Terima kasih sudah membaca, menemani, dan memberi ruang untuk cerita-cerita ini tumbuh. 🌿

LUKISAN TANPA WAJAH #7 Lukisan yang Terhubung [Cerita Misteri]

Lukisan yang Terhubung

Aku menatap lekat-lekat foto yang masih tergenggam di tanganku, seolah berharap wajah-wajah di dalamnya akan menjawab teka-teki yang terus menghantuiku. Pria itu... wajahnya begitu mirip denganku, namun ada sesuatu yang berbeda—pancaran matanya, cara berdirinya, seolah ia membawa beban masa lalu yang tak kukenal, namun terasa akrab. Ibuku berdiri di sisinya, senyumnya kaku, tak seperti yang kuingat dalam kenangan masa kecilku yang samar.

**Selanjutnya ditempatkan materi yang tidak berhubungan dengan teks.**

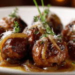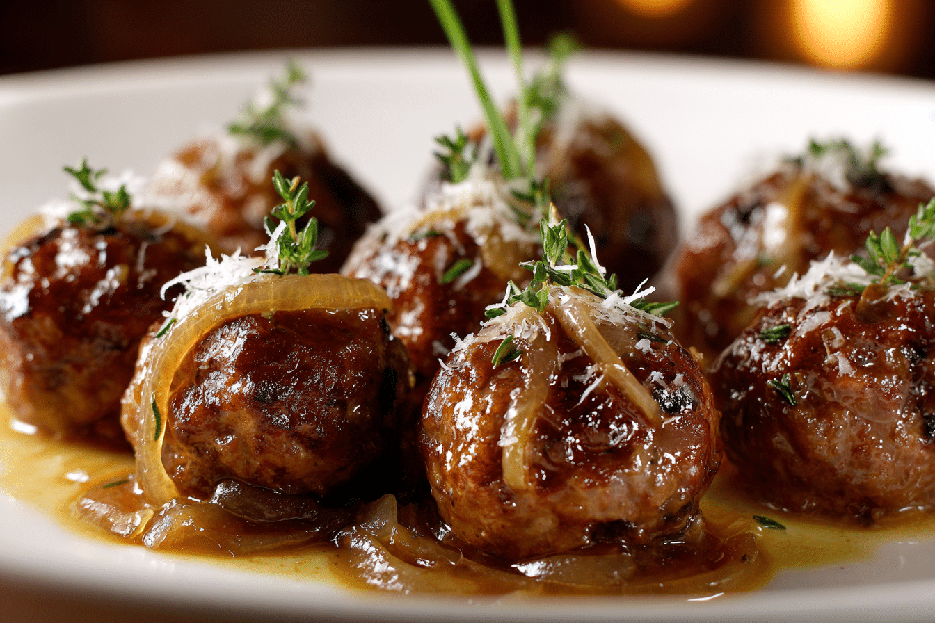 French Onion Meatballs with Savory Onion Sauce are everything you love about French onion soup—rich caramelized onions, deep umami flavor, and melty cheese—reimagined in meatball form. These juicy, tender meatballs are simmered in a luscious onion-packed sauce and often finished with melted Gruyère or Swiss cheese. The result is a comforting, elegant dish that works just as beautifully for a cozy family dinner as it does for a dinner party centerpiece.
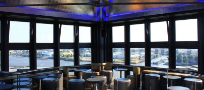 Die Tower Bar befindet sich im 12. Stock des Hotel Hafen Hamburg und bietet einen 360-Grad-Panoramablick über den Hamburger Hafen und die Elbe aus 60 Metern Höhe über der Stadt.

Aku menuruni loteng dengan kaki yang nyaris tak menjejak lantai. Di ruang kerja, aku menyebar foto-foto dan catatan dari kotak tadi di atas meja. Satu demi satu kupelajari, hingga pandanganku tertambat pada secarik kertas lusuh—gambar tangan, sketsa kasar dari sebuah lukisan. Tidak ada judul, hanya guratan kuat dan bayangan gelap yang membentuk sosok tanpa wajah di tengah kanvas.

Ada sensasi aneh yang menjalar ketika aku menyentuhnya. Jantungku berdegup pelan namun mantap, seperti suara jam tua di ruang tamu yang telah lama tak kudengar. Ada ketertarikan yang tak bisa kutolak. Sketsa itu bukan hanya coretan, tapi jejak menuju sesuatu yang telah lama hilang.

Keesokan paginya, aku menemui Arman di galeri tempat ia bekerja. Galeri itu tenang, seperti museum kecil yang dijaga oleh waktu. Ia menyambutku dengan tatapan khawatir, tetapi tak banyak bicara. Aku menyerahkan sketsa itu padanya.

“Pernah melihat ini?” tanyaku.

Arman mengambilnya, meneliti dengan mata tajam seorang kurator berpengalaman. “Tekniknya... mirip gaya ekspresionis. Tapi ini bukan karya sembarangan. Ada semacam—keputusasaan—dalam goresannya.”

“Aku merasa pernah melihat lukisan ini. Tapi bukan dalam bentuk sketsa. Lukisan ini pernah ada, atau mungkin... masih ada.”

Ia menatapku serius. “Leo, kau sadar bahwa ingatanmu sedang bermain-main denganmu? Kau bisa saja menciptakan koneksi yang tak pernah benar-benar ada.”

“Tapi jika lukisan ini nyata, dan jika aku menemukannya, mungkin aku bisa mengurai benang kusut dalam pikiranku.”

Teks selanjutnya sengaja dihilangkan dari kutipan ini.